Yes, any ratio m : n where m and n are positive integers. For irrational ratios (like 1 : √2), exact construction is not possible with ruler and compass alone.
Q5. What is the difference between dividing a segment and finding a point using the section formula?
The section formula is an algebraic method that gives the coordinates of the dividing point. The construction is a geometric method using ruler and compass that physically locates the point on the segment. Both achieve the same result.
Q6. How do we draw a line parallel to another in this construction?
Use the corresponding angles method: with the last point as centre, draw an arc cutting both lines. Transfer the same arc and chord to the m-th point. The new line through that point is parallel to the original.
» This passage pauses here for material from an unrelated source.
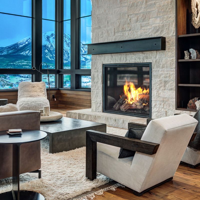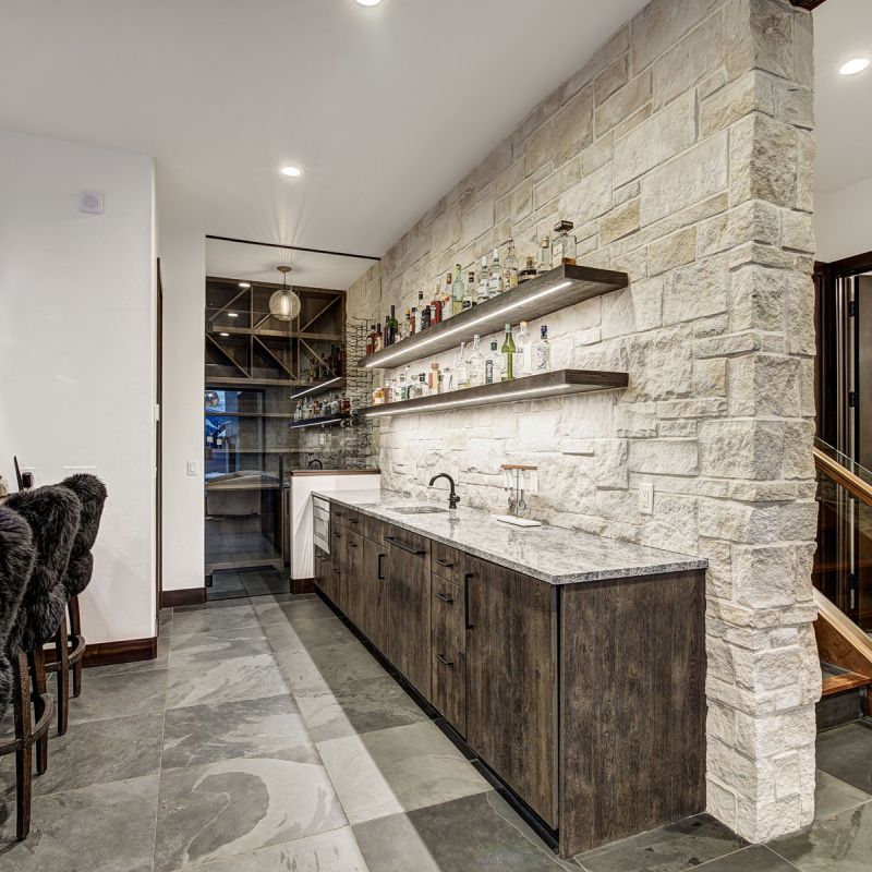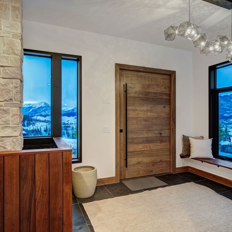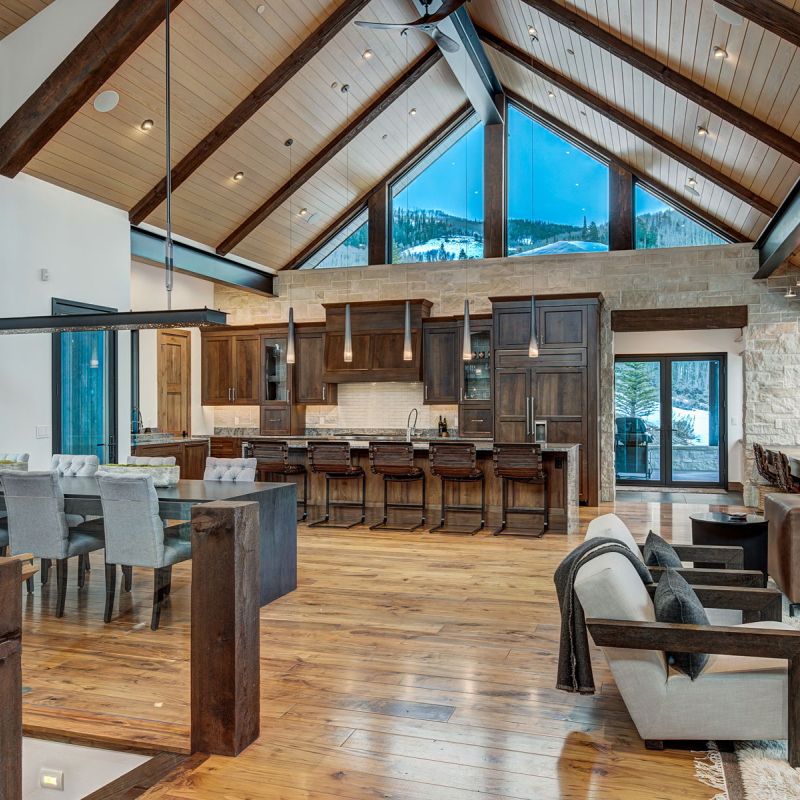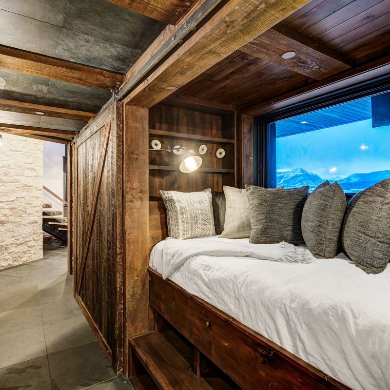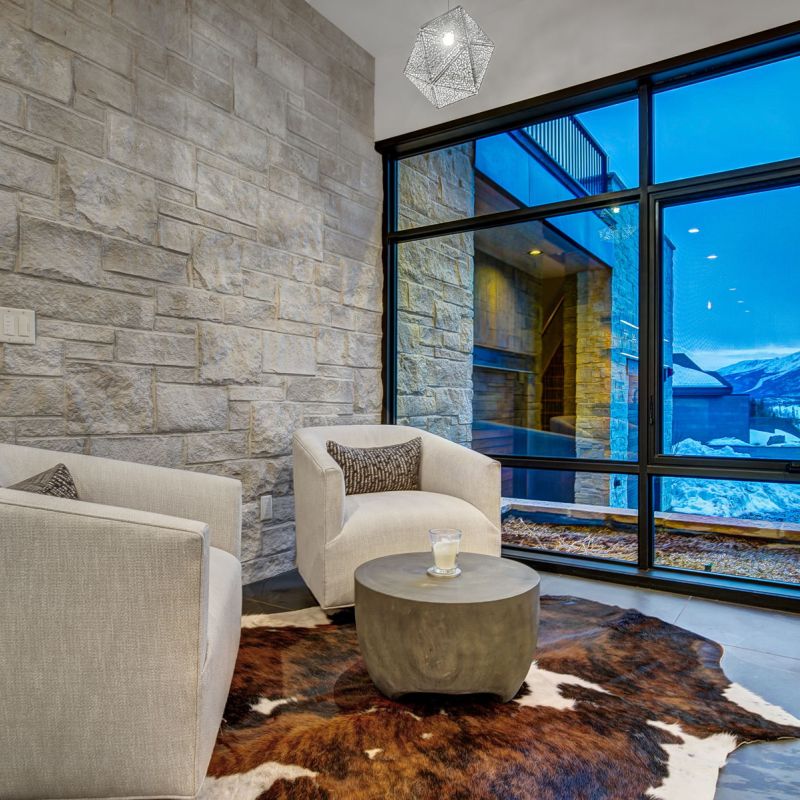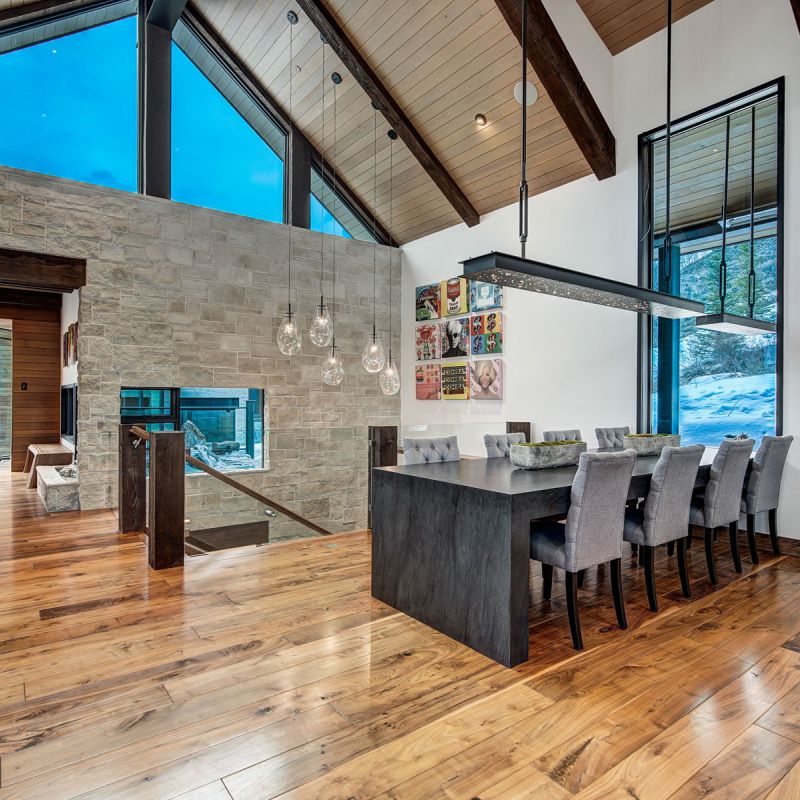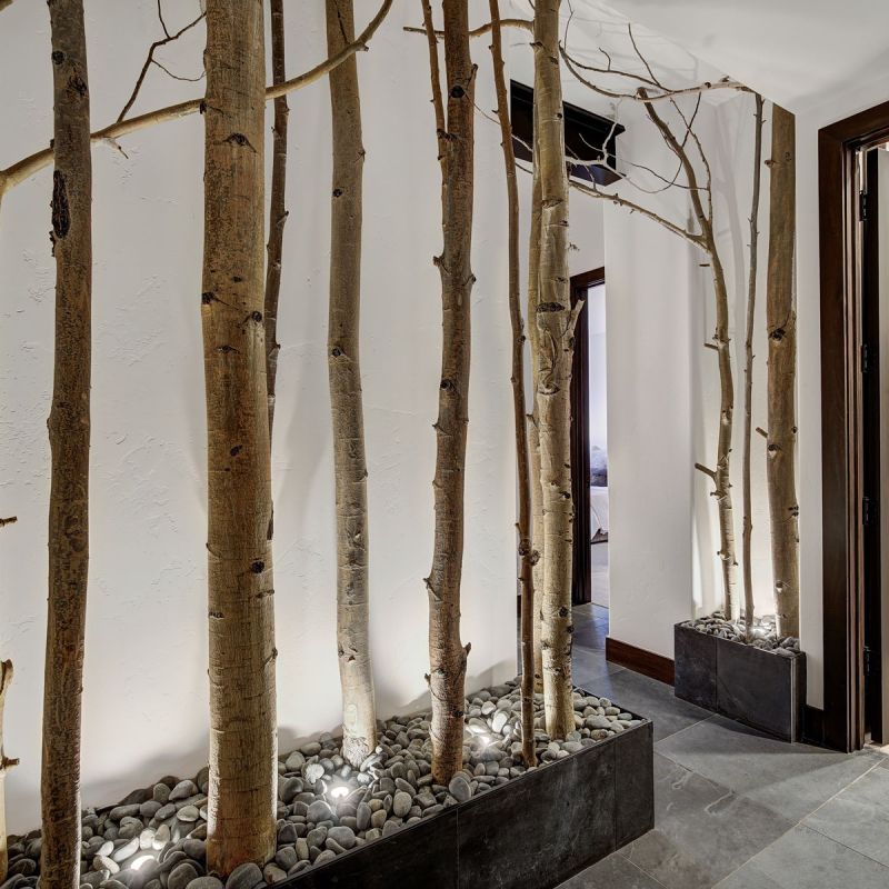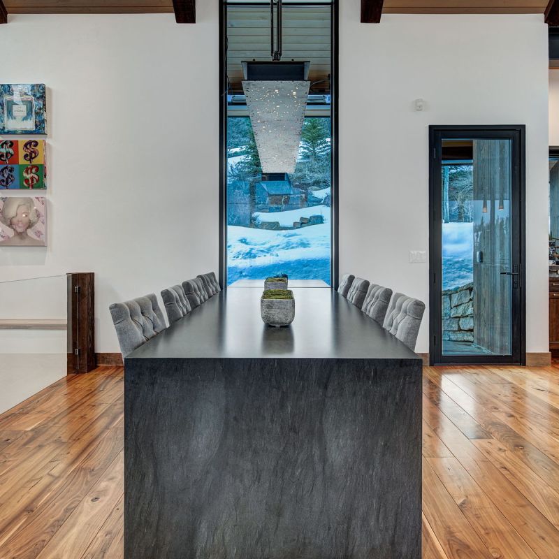 The home tells a story through its thoughtfully curated details. A custom dining room table extends outdoors, inviting alfresco dinners under a star-filled sky. The slate tunnel, an homage to the natural terrain, leads to a secluded space where the sound of the waterfall provides a soothing retreat. Additionally, a wall of aspens within the home evokes the sensation of walking through a forest, enriching the connection to the landscape.

Q7. What are common errors in this construction?
Common errors include: (1) unequal arcs on the ray (compass width changed accidentally), (2) inaccurate parallel line (angle not copied correctly), (3) counting error in the number of arcs, (4) drawing the parallel through the wrong point.
Q8. Is this construction asked in CBSE board exams?
Yes. Questions typically ask to divide a given segment in a specified ratio (e.g., 3 : 5) with proper construction steps and justification using BPT. It carries 3–4 marks.
Q9. Can we divide a segment into three equal parts using this construction?
Yes. Use ratio 1 : 2 to get the first division point, and ratio 2 : 1 to get the second. Alternatively, mark 3 equal arcs, draw the parallel through the 1st point (ratio 1 : 2) and through the 2nd point (ratio 2 : 1).
Q10. What is the two-ray method?
Instead of one ray, draw two rays — AX from A and BY from B — on opposite sides of AB. Mark m equal parts on AX and n equal parts on BY. Joining the m-th point to the n-th point gives the dividing point where this line crosses AB.